Abstract

Trauma is the leading cause of death in adults under the age of 45 and the fourth leading cause of death in the United States. Effective delivery of trauma care centers on being well versed in the Advanced Trauma Life Support (ATLS) protocol, which requires high levels of clinical experience. Often this comes from having been exposed to the many permutations of common types of injuries as well as exposed to rarer scenarios, but with potential harm to patients. Case scenarios, which are sequential representations of clinical events, can help trainees receive clinical exposure without harming patients. However authoring case scenarios requires domain expertise, wide experience, and the ability to intelligently respond to inputs, and as such is currently an arduous task.

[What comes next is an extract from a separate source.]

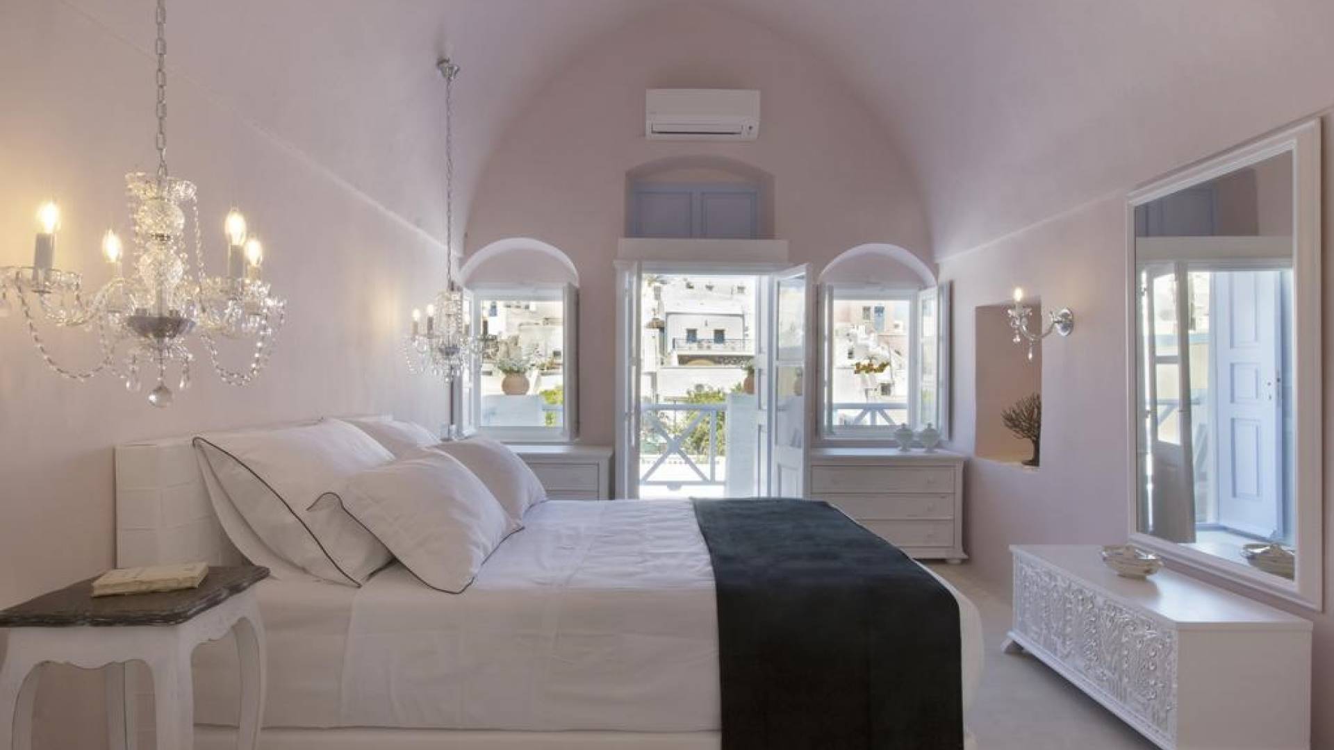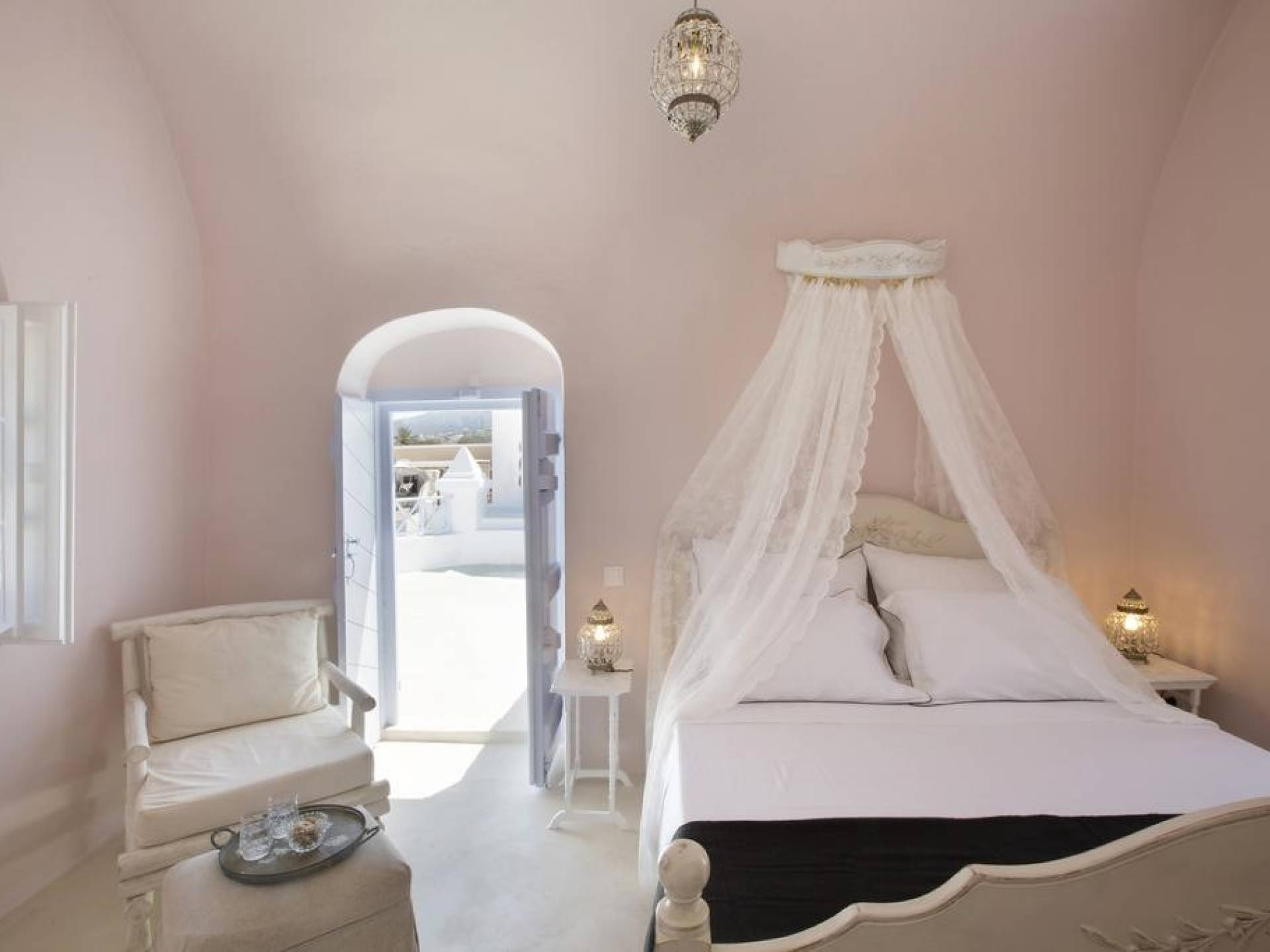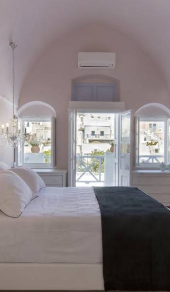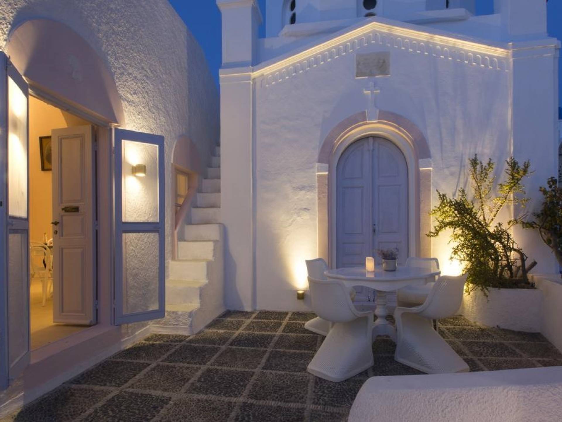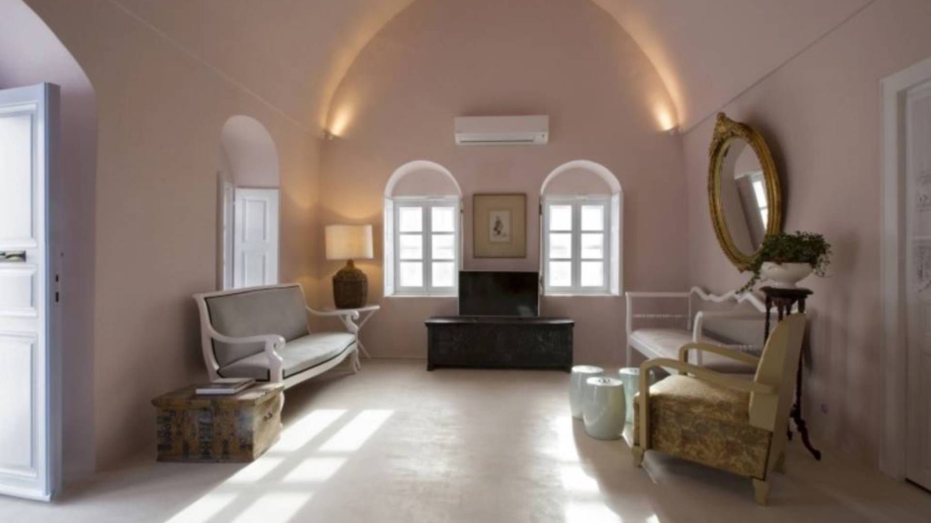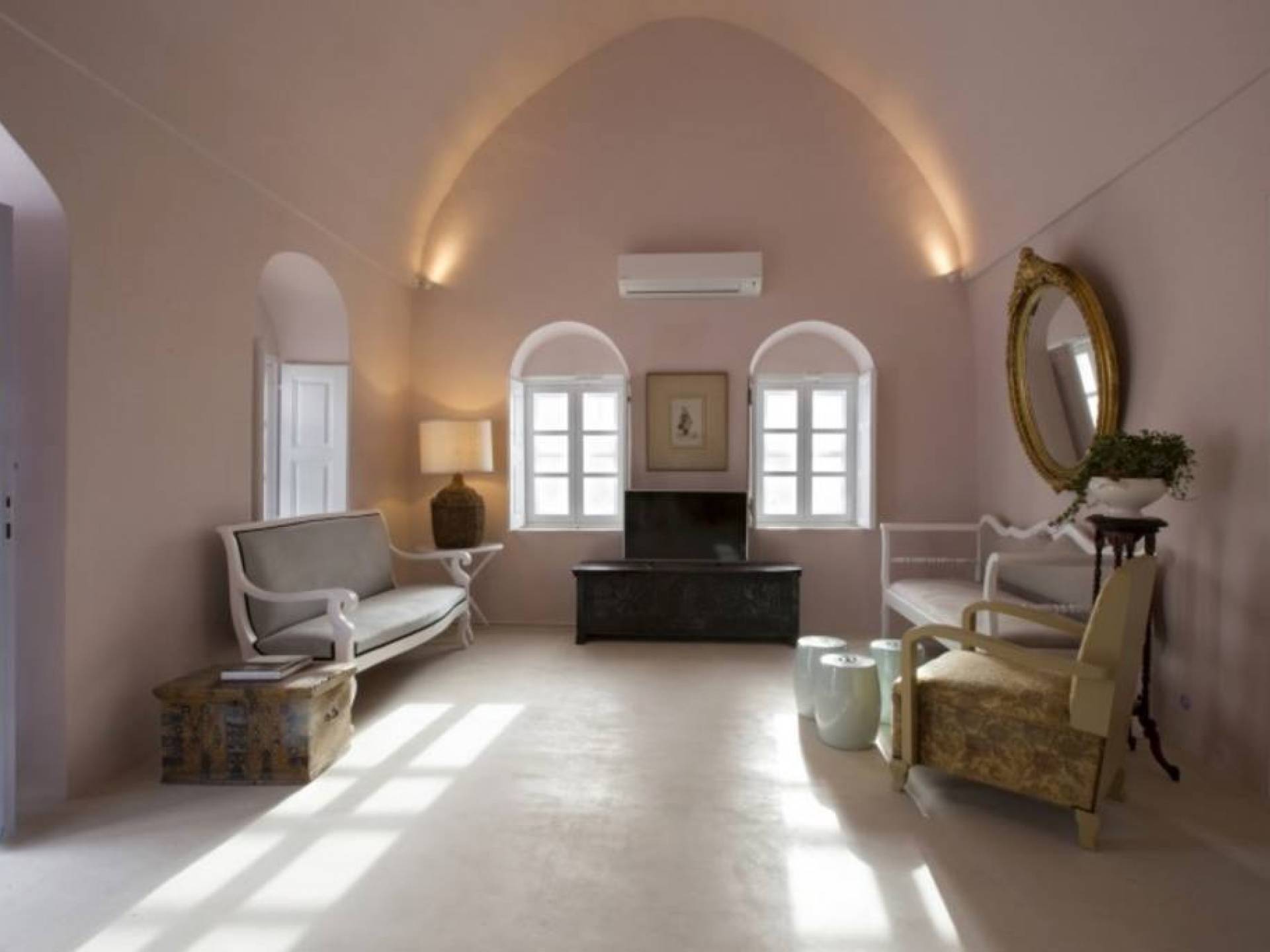 The Pink Residence accommodates up to 6 persons over two levels, with one main entrance on the lower floor. Interior decoration combines antique furniture with modern amenities and romantic lighting. At night, the residence transforms into a private heaven under the stars, amidst scenic night views of the village, illuminated church domes and romantic sea views of the aegean far in the distance. The residence is accustomed for all seasons.

Autoregressive generative models trained on large amounts of clinical data, such as the National Trauma Data Bank (NTDB), pose a possible solution to overcome the cost of authorship while providing broad and accessible clinical experience to trainees. We have developed a Trauma AI model composed of an autoregressive generative model based on the transformer architecture for generating potential case scenario combined with an out-of-domain detection for filtering out less plausible scenarios. The GPT2 model is trained on 1.1 million case scenarios derived from the NTDB data. We demonstrate that Trauma AI is capable of generating realistic case scenarios that encode the ATLS protocol as a latent feature of the sequence of provider interventions, including scenarios that do not have any parallels in the original dataset. We also present an unsupervised means of filtering out unrealistic sequences by identifying out-of-domain sequences, and demonstrate that this improves the realism of the generated case scenarios.